I want to focus briefly on “reactor” ignorance, an ignorance revealed in their YouTube reactions, about how the economics of the music industry has and still does impact the music that is produced by the mainstream music industry. There are several “reactors” on YouTube whose YouTube “reactions”—they certainly do not constitute criticism, historical analysis, or the fruits of research and thus probably violate fair use or fair dealing exceptions with respect to copyright laws—betray an ignorance of the economics of the music industry. Those who whinge and whine about fade outs in popular music, for instance, miss the fact that one of the reasons for fade outs had to do with the fact that well into the 1970s singles dominated the popular music industry marketplace.

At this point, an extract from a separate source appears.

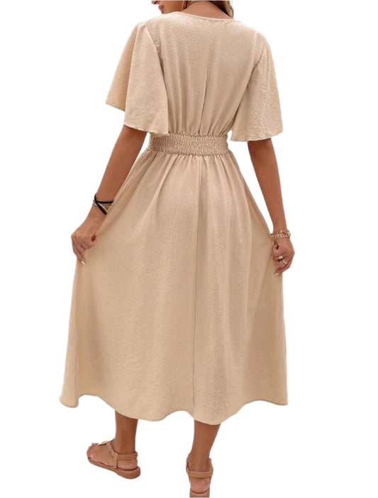 ElfogyottSHE bézs hímzett derekú nyári ruha

A the time, it was a statement of faith among the suits who ran the music industry that singles, which were considered their profit making bread and butter, should be two to three minutes in length and no longer which is why Focus’s "Hocus Pocus”, Chicago’s “25 or 6 to 4”, and Yes’s “Roundabout”,  to chose three examples among many possible ones, were released in shortened single versions to the mass radio audience in the United States, a mass radio audience which still listened to AM Top 40 radio and over which DJ’s, many of whom seemed less like music lovers than empty shils for the suits who ran the radio stations for profit, and whose reason for being seemed to little more than to spread the gospel of business advertising and the next single you should buy, itself a form of promotion. Speaking of talking over records, in the thank god for small mercies category, “reactors”, who are the equivalent of the AM DJs of today, at least, thanks to the wonders of modern technology, stop a song at some point or points so they can talk “over” it. Ain’t the brave new digital world wonderful?

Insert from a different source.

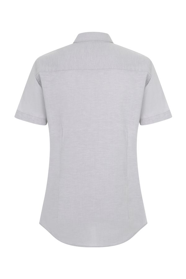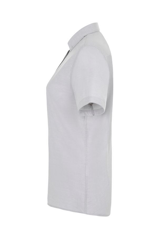 Camisa de manga corta en tejido oxford stretch. Comodidad, ajuste femenino y elegancia clásica para profesionales de la hostelería.

In the early days of FM radio you could, at least for awhile, hear the longer versions of “Hocus Pocus”, “25 or 6 to 4”, “Roundabout”, and other longer songs, on free form countercultural FM radio in the late 60s and even into the early 1970s. where the DJ’s tended to be music lovers like ourselves. In the Dallas of my youth, for instance, I could and did hear bands like King Crimson, the Moody Blues, the Mothers of Invention, and others, on  a free form FM radio station in Arlington. Then the commercialisation of FM radio set in. This commercialisation and eventually centralisation turned free form countercultural FM stations into clones of AM radio and created an alternative format for listeners of an increasingly segmented and increasingly limitedly defined rock music landscape, album oriented rock, a form of rock that was harder than musics that were increasingly defined as pop. On AOR FM stations one could, for example,  listen to certain new album cut, album cuts that became the equivalent of singles on Top 40 radio. Additionally, pressure was put on the progressive rock bands one heard on countercultural FM radio who were told by the suits in no uncertain terms that they needed to write singles that the suits could sell in mass quantities to a mass audience increasingly defined in increasingly segmented terms. Those who were able do that, like Kansas and Genesis and eventually even Yes, did.

This ignorance of the industry emphasis on singles and the history of the realities of rock radio is just the tip of the ignorance appears to be bliss iceberg that one finds in “reaction” videos on social media sites like YouTube. “Reactors” seem not to know much about the history of payola in popular music (something that still goes on if in a roundabout way as Rick Beato and company note), the hierarchical structure of the music industry with its multiple ways to take percentages from artists for their “services”, the impact or lack of impact of the FCC on media, the political power of economic elites including music industry elites, the history of rock genres, the different cultures of rock including the culture that grew up around the ideology of authenticity in the mid and late 1960s and early 70s, the role popular music elites played and play in how artists sound in the studio and in what they wore or wear, and the different lyrical strategies of popular artists (satire, parody, metaphor, allegory, and so on), to note only a few of the political, economic, and cultural aspects of the world of popular music that influence how popular music is made and what it “says".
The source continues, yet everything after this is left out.